TELFAR appeared at last year’s Berlin Biennial with designs modelled on plastic mannequins in the same stature and expression as the artist himself; Telfar Clemens. His latest A/W17 collection was as self-absorbed and equally universal; unsettling for those who wanted more than clothes that came extremely close to normal. The cohesion and simplicity of this collection was met with some scepticism; an active denial of en masse expectations from a city recently re-rendered by politics.
Styles reached around common ground like transactions taken from a 24 hour ATM machine; carte-blanche in their approach, dallying in prime sources of self-schooling. They made more connections, burgeoned something bigger, mediated on the other beyond art and street prowess; bringing the wider picture in and out of focus.
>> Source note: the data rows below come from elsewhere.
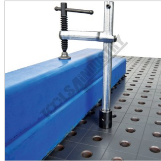
Shown Clamping 2 Lengths of Square Tube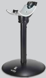
Charging Stand SKU# AC4076-1538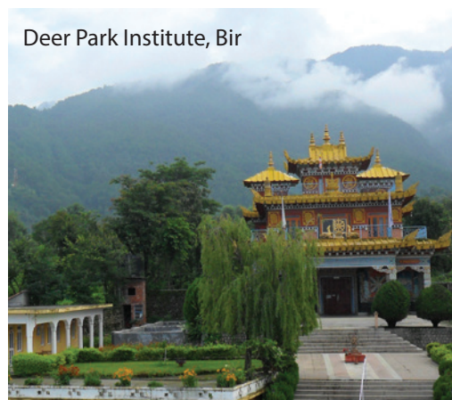
Deer Park Institute, Bir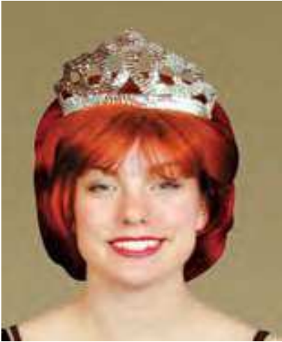
23513 Silver Tiara (23512 Gold Tiara)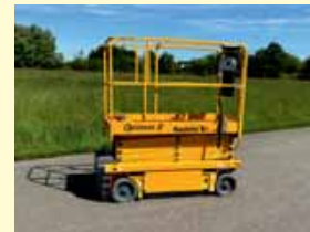
26033 - Haul. Optimum 8 8m - Battery - year 2021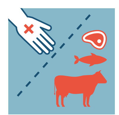
Avoid contact with animals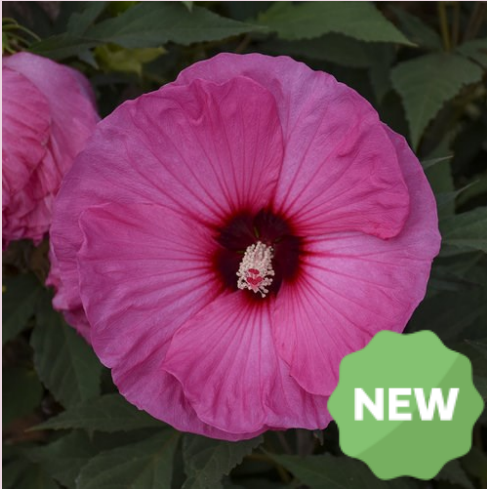
Summerific 'Candy Crush'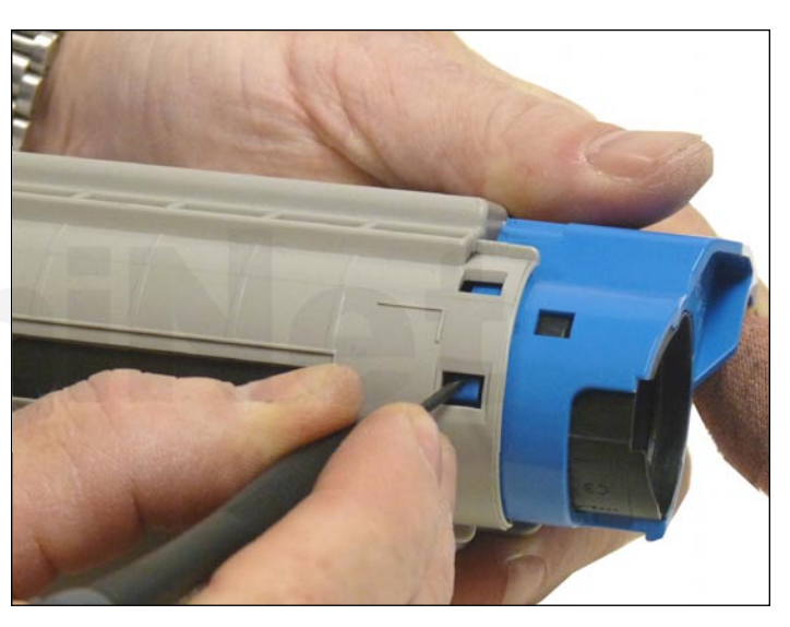
2. Press down on the locking tab of the blue handle. Rotate the handle to open the toner port. Vacuum/blow out any remaining toner.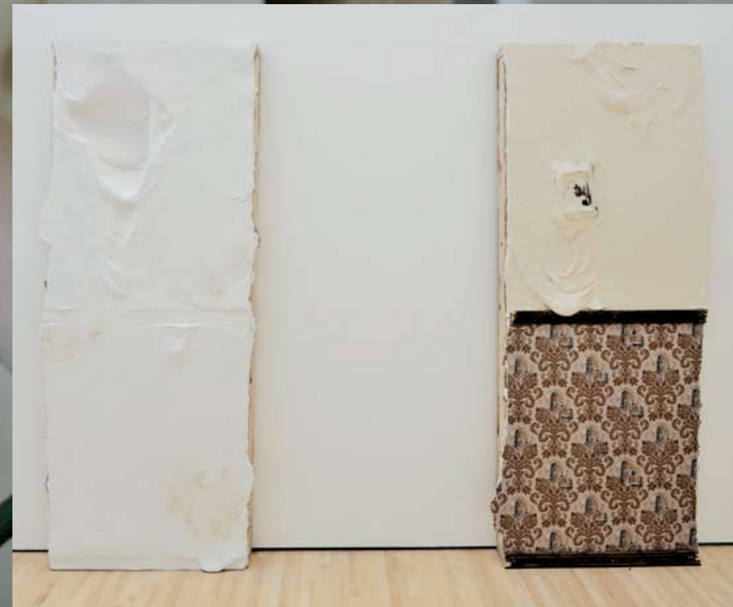
Whitney Sage My City, My Home, My Body , 2011 Drywall, wood, joint compound, and ink, 84 x 32 x 6" Whitney Sage My City, My Home, My Body , 2011 Digitally printed wallpaper, drywall, wood, latex paint, ink, joint compound, and picture frame with postcard, 84 x 32 x 6"

nor is it voyeuristically aestheticized. Rather, one gets the impression that in this work, Detroit is seen through the eyes of an insider, which is indeed what Sage is. Her work bears the scuffmarks and indentations of domestic use; these blemishes are traces of previously extant bodies. A crooked picture frame—containing a postcard of Detroit's Book Tower, a memory of a brighter era in a struggling city—is devoured by an amoebic wall. Book Tower reappears below, subtly inlaid into the florid wallpaper that is echoed in a decorative low relief in the other panel. This design is a visual staccato to an otherwise neutrally colored, smoothly surfaced work. When these details are considered, the works' signification—of Detroit, its structures, and the bodies within them, past and present—becomes apparent. In the attention to detail with which Sage has carefully, if not lovingly, constructed her works, a quiet, insistent spirit of Detroit persists through the rubble.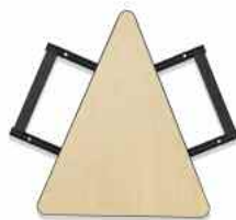
R946 356 77 45° Angle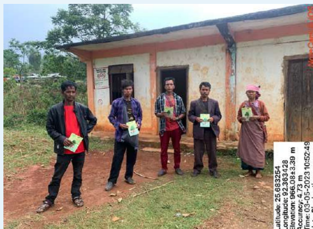
Ringkyntieñ village West Jaintia Hills

An awareness program was held at Umlawang in the Khliehriat block to promote the Payment for Ecosystem Services scheme. Although there is no community forest available, individual forest owners have expressed their interest in the program. However, they have informed that they will first consult with their family members before taking any decision.

Clemens calls his creations ‘simplex’ (simple and complex) ; a modus operandi that leaves no room for manipulation by design, but instead favours conscious clothing choices that are comfortable to live with and in, when moving and still.
Colorways showed themselves up as slightly garish; visible and aware street-lights turned on for darker times. Some silhouette’s were out of proportion, in a borrowed rather than a bought fashion; redeeming in light of the questions and answers these collections provide. Identifiable forces reckoning with ever-so-slight stereotypes. An education in well-roundedness, and displays of universality that have underlying Normcore characteristics.
This is one of many Telfar collections that will appreciate in cultural worth by denying banal assumptions of culture scratched at from the sidelines.